“My software never has bugs. It just develops random features.” Anonymous
More and more mechanical and electrical systems include software integration. The FMEA methodology applies very well to software as well as hardware. It is possible to include software functionality in the System FMEA as part of the functional descriptions. However, for complex software functionality such as embedded control systems, it may be useful to perform a separate software FMEA.
What is a Software FMEA?
Software FMEA is a type of Design FMEA that analyzes the software elements, focusing on potential software-related deficiencies, with emphasis on improving the software design and ensuring product operation is safe and reliable during useful life.

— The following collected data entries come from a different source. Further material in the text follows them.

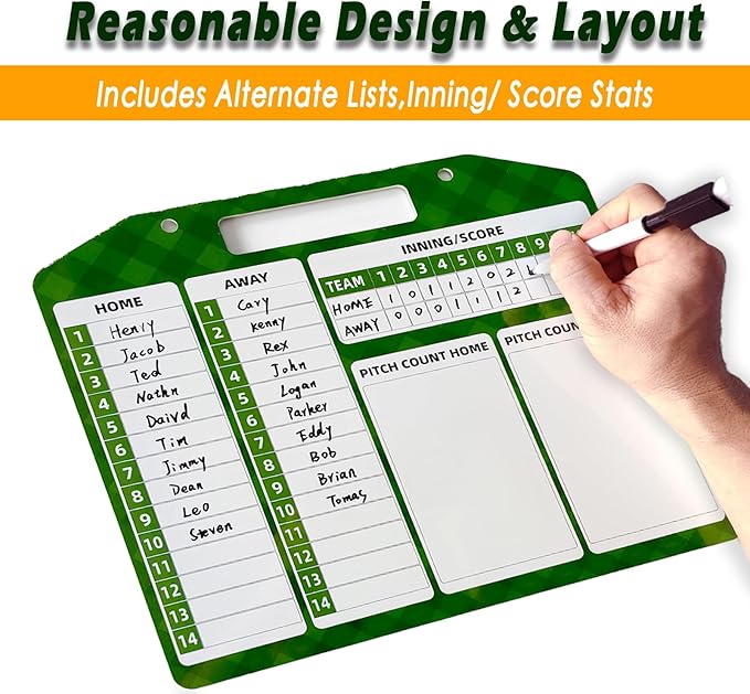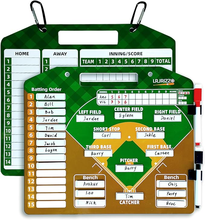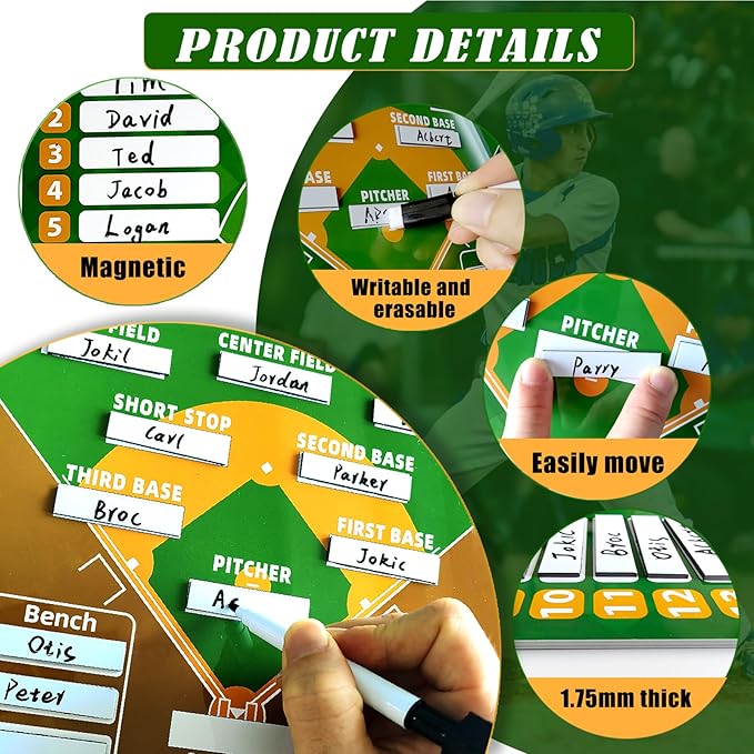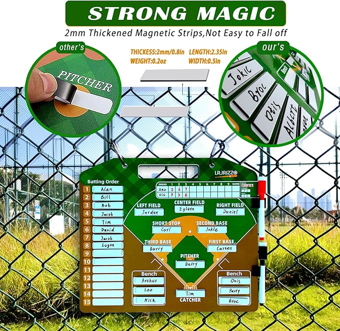 - ⚾ 【Record the Score, Practical Baseball Coaching Accessories】magnetic baseball lineup board double-sided use,baseball whiteboard the front can be decorated with lineup tactics, baseball dry erase coaching board can record the score of the game to avoid forgetting.lineup cards for softball can also record the situation of the game, baseball magnetic lineup board baseball coach clipboard baseball dry erase board baseball dugout board.
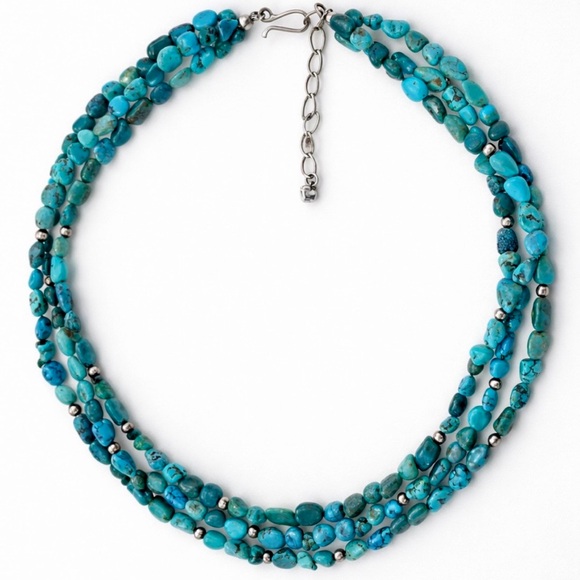 DTR Jay King Turquoise 3 Strand Beaded Necklace Sterling Silver 925
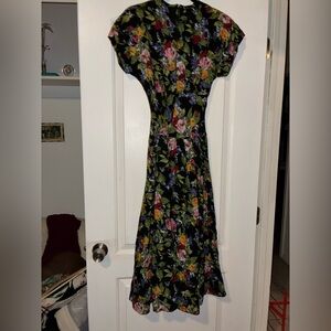 The Scarlett dress is a stunning sheath maxi, perfect for wedding guests or cocktail events. It features a vibrant floral pattern in shades of pink and red, beautifully complemented by short dolman sleeves. The dress's elegant silhouette and eye-catching design make it a standout choice for any special occasion.
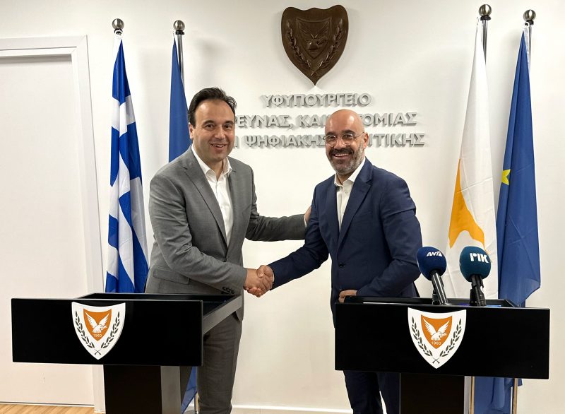 Μέσα από τη συνεργασία Ελλάδας και Κύπρου ευρύτερα, αλλά και την ανταλλαγή καλών πρακτικών και τεχνογνωσίας μέσω των δύο Υπουργείων, θέλουμε να συνεχίσουμε να αναδεικνύουμε τη φωτεινή πλευρά των δύο χωρών. Στόχος μας είναι, με σύμμαχό μας την τεχνολογία και αξιοποιώντας τις δυνατότητες που μας παρέχει η Τεχνητή Νοημοσύνη, να συνεχίσουμε να κάνουμε την καθημερινότητα πολιτών και επιχειρήσεων, φιλικότερη, ευκολότερη και με λιγότερη γραφειοκρατία».
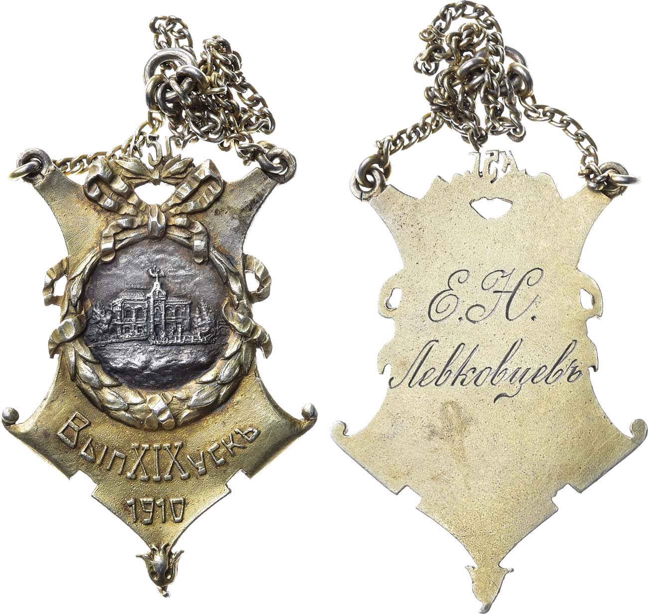 Серебро, золочение, оксидирование. 9,72г. Размеры: 37х27 мм. С оригинальной цепочкой для ношения. Гравировка на реверсе: "Е.Н. Левковцевъ". Российская Империя, 1910 год. UNC.
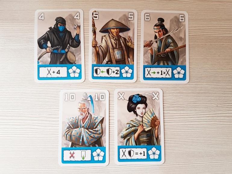 Все они имеют свою силу, которая поможет победить в сражении. Сила обозначена цифрой в верхних углах карты - от 1 до 10. Одиннадцатая карта - это гейша. Она не имеет цифры, обозначающей силу, потому что она не сражается, а одерживает победу своей красотой и обаянием. Поэтому в игре гейша всегда побеждает любого другого персонажа и никогда не попадает в плен.
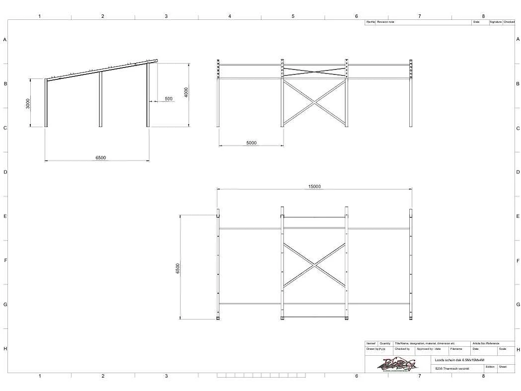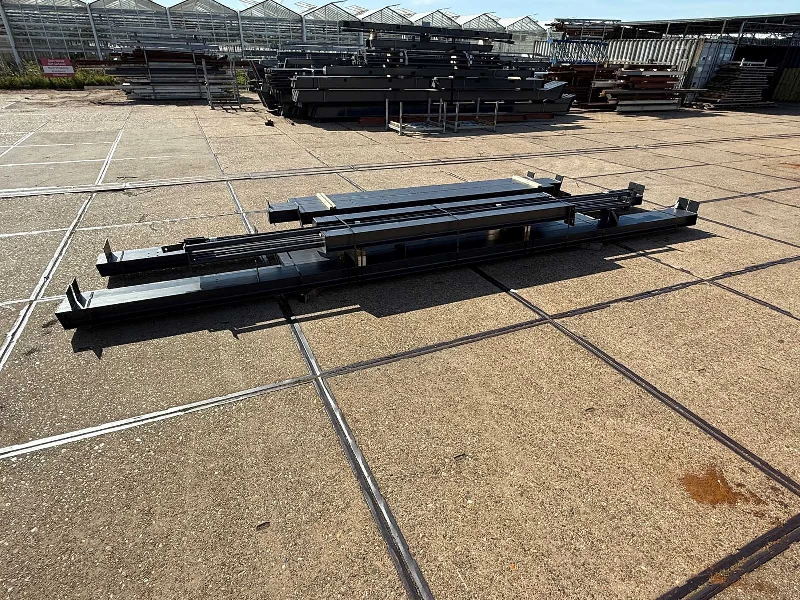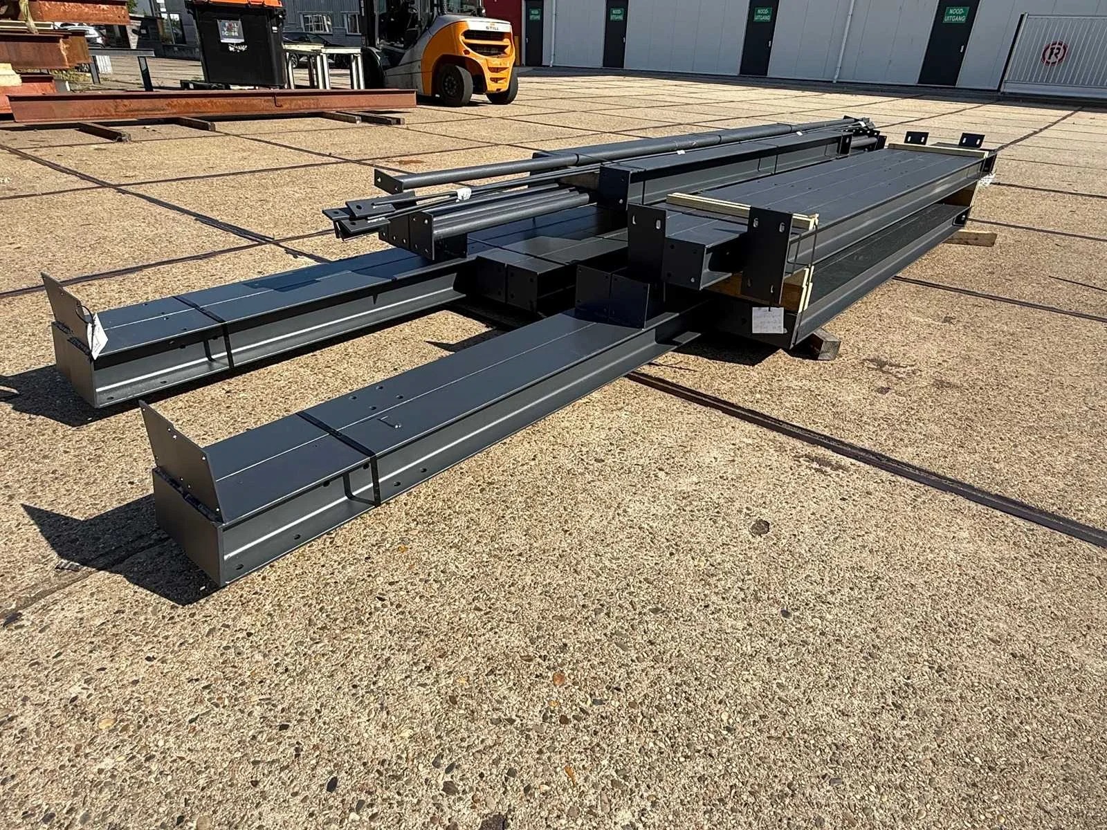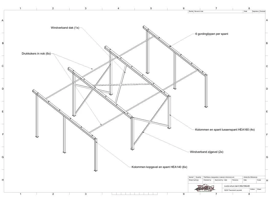 Zware staalconstructie met lessenaarsdak; vrije overspanning; spanten h.o.h. 5.00 meter; hoogte voorkant 4.00 meter; hoogte achterkant 3.00 meter; breedte constructie buitenkant staanders is 6.50 meter met aan de voorkant een overstek van 0.50 meter waardoor totale breedte 7.00 meter is; 2 sets tussenspanten HEA 160; 2 sets eindspanten HEA 140; met staaltekening en 3D-tekening; voorzien van drukkokers; windverbanden; gordinglippen op de spanten; staalconstructie ligt netjes transportklaar en dient met 1 trailer geladen te worden; kavel wordt gratis geladen met een heftruck Materiaal: Geschilderd staal kleur antraciet Type: Lessenaarsdak Totaal oppervlakte: 105m² Nok hoogte: 4000mm Goot hoogte: 3000mm Totale afmeting L: 15000mm Totale afmeting Breedte: 7000mm
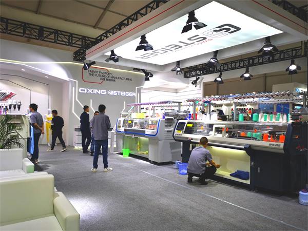同时,由慈星股份一线成型鞋面机生产的代表行业设计领先趋势的一批一线成型针织鞋面及成鞋运动服饰也在针织展区展出,展出的一线成型的电脑横机采用了先进设备和智能制版工艺,生产编织出来的这些针织鞋服饰无论从款式、品质、脚感等方面均有了很大的提升,而且花样、颜色多变,造型美观吸引众多客商眼球。

Pete Goddard, in his paper “Software FMEA Techniques” (RAMS 2000) wrote, “Software FMEA assesses the ability of the system design, as expressed through its software design, to react in a predictable manner to ensure system safety.”
Software FMEA is similar to System or Design FMEA, with the exception that Software FMEA focuses primarily on software functions.
What are objectives for Software FMEA?
Objectives for software FMEA include:
• Identifying missing software requirements
• Analyzing a system’s behavior as it responds to a request that originates from outside of that system
• Identifying (and mitigating) single-point failures that can result in catastrophic failures
• Identifying features that need fault-handling strategies
• Identifying software response to hardware anomalies
What is the difference between Software FMEA and hardware or electrical FMEAs?
All types of FMEAs are grounded in similar principles and fundamentals. The primary difference with software FMEA is the focus of the analysis.
For example, in the case of a software module that provides a warning for low-level of windshield washer fluid, the Item in the Software FMEA can be “Low washer fluid level warning software” and the Function might be “Communicate low fluid level to instrument panel.” A single-line excerpt from this software FMEA example is in the updated SAE J1739 FMEA Standard, due to be published in January 2021.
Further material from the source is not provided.